For each document different fields may be provided for tagging according to the different tag functionalities, e.g. one for content-descriptive tags, one for formal tags (or more specific one for the author, one for the document's file type, etc.), and one for organizational tags (e.g., task organization, reference to projects). Alternatively, complex naming conventions could be established to specify the purpose of non-content-descriptive tags. Certain conventions are already coming up to use specific formats for labelling different tag purposes (like the "@" in "@name"-tags which are attached to documents to be forwarded to a colleague or friend).

As manual adding this information increases cognitive costs for users a (supportive) automatic extraction of tag purposes is preferable. Some purposes may be automatically derived from the tags' syntax. The "@" is a strong indicator of interpersonal work management since it is indicating that the tagged resource is supposed for a particular person. Tag combinations of "to+verb" are indicators of personal task management and can be interpreted as future activities.

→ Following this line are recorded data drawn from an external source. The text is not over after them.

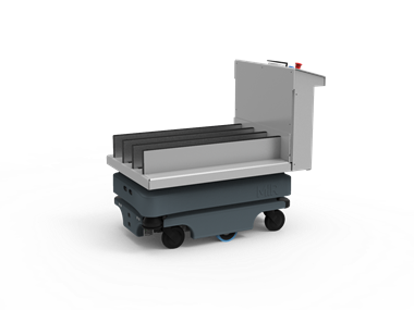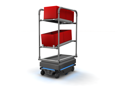 货架将MiR机器人变成自动物料搬运车,从而优化内部物流。货架可以设计成各种用途,从小型箱式物料车到大型提袋式物料车。
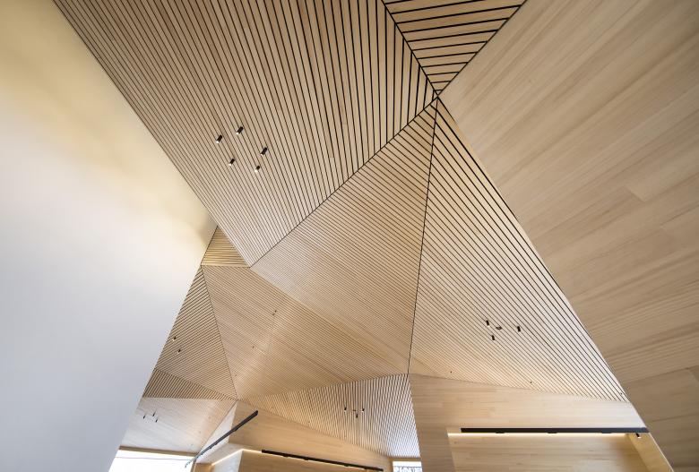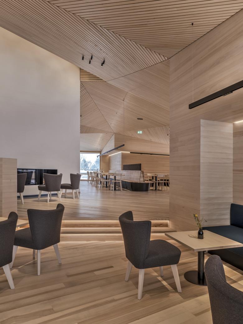 Teils in den Hang geschoben, bildet das erste OG mit dem Restaurant samt Terrasse die Hauptebene des Gebäudes. Die Grundrissorganisation des Restaurants verbindet die Überschaubarkeit einzelner Sitzgruppen mit dem Erlebnis des gesamten Raumes. Sternförmig sind diese Sitzbereiche um die Mitte angeordnet und verfügen über Blickkorridore nach außen hin. Der gesamte Raum bleibt dennoch wahrnehmbar, weil keine Stützen den Blick in die Runde behindern. Auf diese Weise bleibt die große Dimension des Restaurants gewahrt, erfüllt aber auch einen praktischen Zweck – bei Veranstaltungen sind die Redern*innen von überall sichtbar.
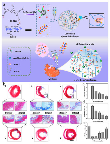 - Wang, W.; Tan, B.; Chen, J.; Bao, R.; Zhang, X.; Liang, S.; Shang, Y.; Liang, W.; Cui, Y.; Fan, G.; et al. An injectable conductive hydrogel encapsulating plasmid DNA-eNOs and ADSCs for treating myocardial infarction. Biomaterials 2018, 160, 69–81. [Google Scholar] [CrossRef]
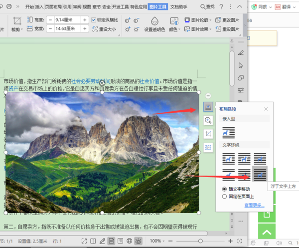 4、接下来有鼠标左键点击图片,选择图片右边的文字选项,选择“浮与文字上方”即可。
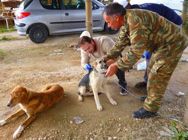 Έτσι, συνεργείο του Δήμου συγκέντρωσε 15 περίπου σκυλιά στον χώρο του αμαξοστασίου, τοποθέτησε κολάρα σε αυτά και στη συνέχεια με τη βοήθεια κτηνιάτρου πραγματοποιήθηκε ο εμβολιασμός.
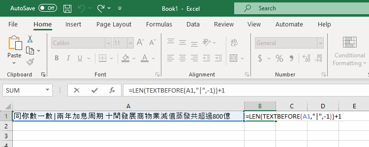10. 想知道現在究竟是Office 365定是Office 2016,可以在Excel中,執行一些只有Office 365擁有的公式,如『TextBefore』,如沒有出現錯誤,即是現時是使用的是Office 365程式。

At this stage, we have our garden weed-free, with nicely arranged flower beds and walking paths between different areas and now with different areas for differently used plants plus little information panels providing information about what the plants can be used for.

Personal and Cross-Platform Tag Maintenance

Manual Tag gardening is rather difficult to be done collaboratively by a community and within a shared tag collection - particularly if the system is not explicitly collaborative (the community is aiming to agree on a shared representation of a topic, like in Wikipedia) but rather profits from the collective (the representation of the topic is the sum of primarily individual ideas) participation of a community (Vander Wal, 2008).

At least for small communities (e.g., single working groups) the use of shared guidelines for tagging behaviour may be useful. In the context of small groups, collaborative tag gardening tools may be considered. If specific communication channels are provided, the community may agree on a shared structure for their tagging vocabulary. Yet, there is always the danger that one user destroys the arrangements another one has made, or that someone regards certain tags as weed while others consider them pretty flowers. Thus, in larger communities the manual editing and weeding of tags should rather be done on a personal level by each user or should be carried out for the community by some sort of 'folksonomy administrator'. This administrator or moderator could be represented by the owner of the tagging system or by several users who gained the administrator status because of providing high-quality content or contributing meaningfully. They would act as central gardeners within the tag garden and are responsible for any kind of gardening activity. In this way, tag gardeners (whether the user himself or the administrator) enhance the performance of the tags. The collection of these individual approaches can be used for computing and providing tag recommendations - both during the tagging and the information retrieval process.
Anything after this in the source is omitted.